Autonomic Neuroscience
- Discipline: Autonomic neuroscience
- Language: English
- Edited by: Roy Freeman

Publication details
- Former name: Journal of the Autonomic Nervous System
- History: 1978-present
- Publisher: Elsevier
- Frequency: 8/year
- Open access: Hybrid
- Impact factor: 2.247 (2018)

Standard abbreviations
- ISO 4: Auton. Neurosci.

Indexing
- CODEN: ANUEB2
- ISSN: 1566-0702 (print) 1872-7484 (web)
- OCLC no.: 838647867

Links
- Journal homepage; Online access; Online archive; Journal of the Autonomic Nervous System archives;

= Autonomic Neuroscience: Basic and Clinical =

Autonomic Neuroscience: Basic and Clinical is a peer-reviewed scientific journal covering research on the autonomic nervous system.

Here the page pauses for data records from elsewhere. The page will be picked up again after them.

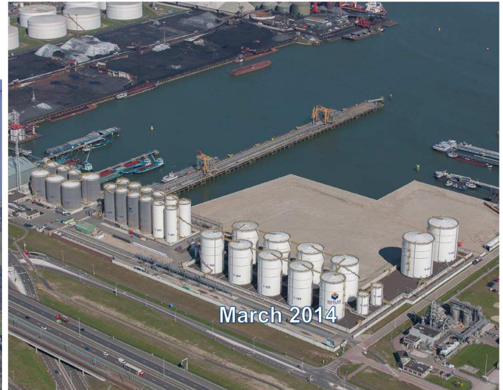
Botlek Tank Terminal
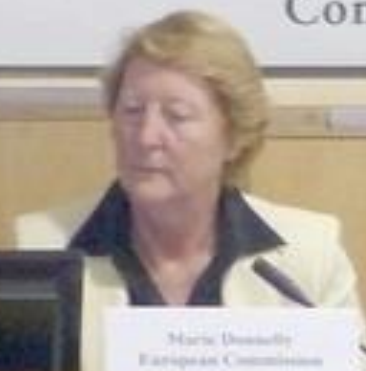
Marie Donnelly European Commissioner
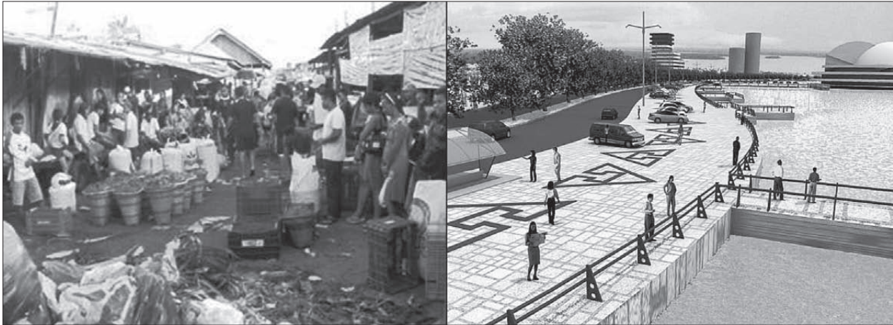
Figuras 3 e 4. Contraste entre o atual uso popular do Porto da Palha e o water front que se propõe. Desenho: Website da Prefeitura Municipal de Belém. Foto: Rodrigo Peixoto e Jakson Silva.

patrimonial que o projeto vai proporcionar àquele espaço não condiz com o atual uso popular. De fato, a requalificação alimenta o atual boom imobiliário que vai configurando o perfil da cidade com torres de alto padrão construtivo:

It is published by Elsevier and is the official journal of the International Society for Autonomic Neuroscience. It was established by Chandler McCluskey Brooks in 1978 as the Journal of the Autonomic Nervous System and obtained its current title in 2000. From 1985, and for many years thereafter, the editor-in-chief was Geoffrey Burnstock (UCL Medical School), who was succeeded by Roy Freeman.

The journal is abstracted and indexed by MEDLINE/PubMed. According to the Journal Citation Reports, the journal has a 2018 impact factor of 2.247.